From the very first line of the data to the line containing "This spectacularly detailed", retype everything exactly, leaving the pictures behind.
(SOURCE MATERIAL begins)
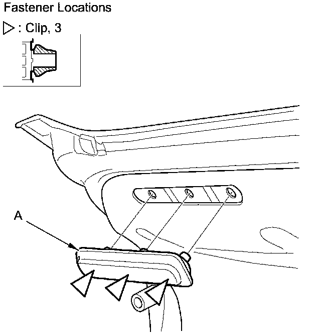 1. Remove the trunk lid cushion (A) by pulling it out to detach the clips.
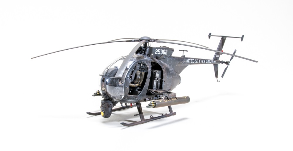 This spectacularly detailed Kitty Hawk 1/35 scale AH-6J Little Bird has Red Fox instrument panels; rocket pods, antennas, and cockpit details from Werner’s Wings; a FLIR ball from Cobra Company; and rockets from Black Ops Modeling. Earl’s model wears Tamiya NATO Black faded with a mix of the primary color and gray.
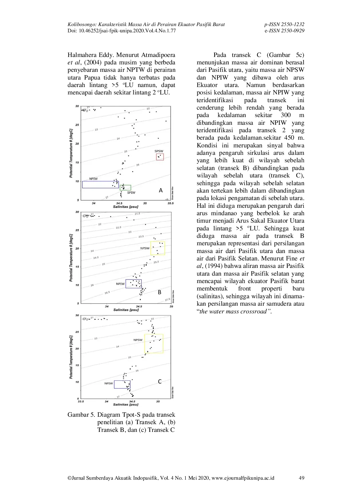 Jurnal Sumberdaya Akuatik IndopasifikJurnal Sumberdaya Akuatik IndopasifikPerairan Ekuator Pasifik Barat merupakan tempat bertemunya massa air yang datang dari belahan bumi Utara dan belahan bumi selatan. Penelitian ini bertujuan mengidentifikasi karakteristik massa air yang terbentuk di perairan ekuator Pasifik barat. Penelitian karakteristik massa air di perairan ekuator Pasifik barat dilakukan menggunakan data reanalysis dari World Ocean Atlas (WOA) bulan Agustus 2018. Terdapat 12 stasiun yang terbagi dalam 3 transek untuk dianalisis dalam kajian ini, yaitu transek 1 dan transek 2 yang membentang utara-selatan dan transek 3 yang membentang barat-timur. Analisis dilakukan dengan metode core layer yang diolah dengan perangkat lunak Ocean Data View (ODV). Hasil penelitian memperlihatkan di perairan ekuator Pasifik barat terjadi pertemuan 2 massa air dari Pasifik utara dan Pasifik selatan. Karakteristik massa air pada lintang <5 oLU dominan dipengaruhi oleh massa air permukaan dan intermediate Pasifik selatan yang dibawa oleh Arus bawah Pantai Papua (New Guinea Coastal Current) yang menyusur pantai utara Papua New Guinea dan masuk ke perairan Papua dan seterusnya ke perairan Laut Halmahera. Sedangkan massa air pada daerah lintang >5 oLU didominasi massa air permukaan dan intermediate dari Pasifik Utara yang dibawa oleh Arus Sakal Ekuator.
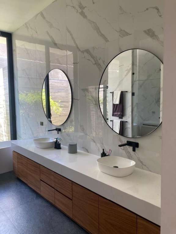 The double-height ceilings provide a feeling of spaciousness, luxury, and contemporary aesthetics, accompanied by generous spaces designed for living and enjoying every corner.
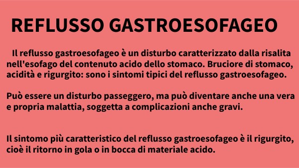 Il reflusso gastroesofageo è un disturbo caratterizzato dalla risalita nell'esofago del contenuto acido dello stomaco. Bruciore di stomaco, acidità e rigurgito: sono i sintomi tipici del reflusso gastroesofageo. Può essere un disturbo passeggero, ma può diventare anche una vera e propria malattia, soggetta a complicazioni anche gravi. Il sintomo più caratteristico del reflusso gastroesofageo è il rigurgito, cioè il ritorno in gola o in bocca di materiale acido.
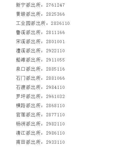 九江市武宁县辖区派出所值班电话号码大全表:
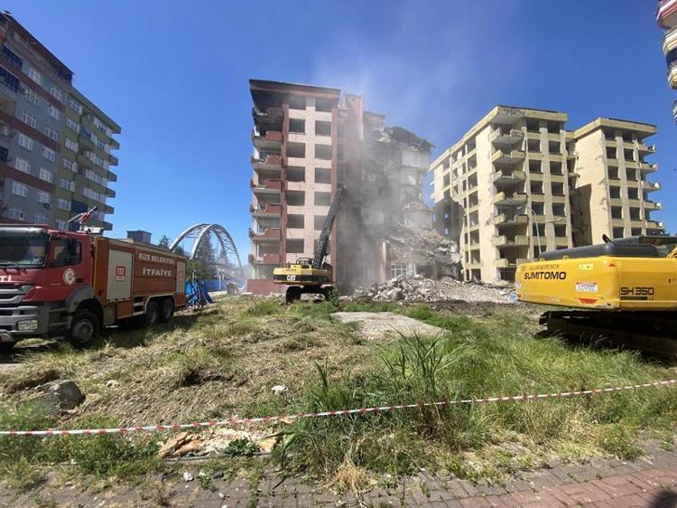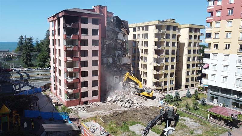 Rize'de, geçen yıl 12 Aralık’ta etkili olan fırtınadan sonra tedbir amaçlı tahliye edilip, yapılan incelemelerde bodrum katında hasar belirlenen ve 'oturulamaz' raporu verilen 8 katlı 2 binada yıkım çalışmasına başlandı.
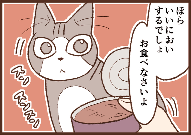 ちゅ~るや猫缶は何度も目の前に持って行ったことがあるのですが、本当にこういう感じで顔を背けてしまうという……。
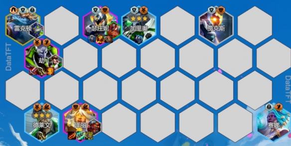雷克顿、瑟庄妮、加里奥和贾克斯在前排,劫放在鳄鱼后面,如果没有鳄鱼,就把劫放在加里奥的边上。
(SOURCE MATERIAL ends)
__EXERCISE RESULT__:
 1. Remove the trunk lid cushion (A) by pulling it out to detach the clips.
 This spectacularly detailed Kitty Hawk 1/35 scale AH-6J Little Bird has Red Fox instrument panels; rocket pods, antennas, and cockpit details from Werner’s Wings; a FLIR ball from Cobra Company; and rockets from Black Ops Modeling. Earl’s model wears Tamiya NATO Black faded with a mix of the primary color and gray.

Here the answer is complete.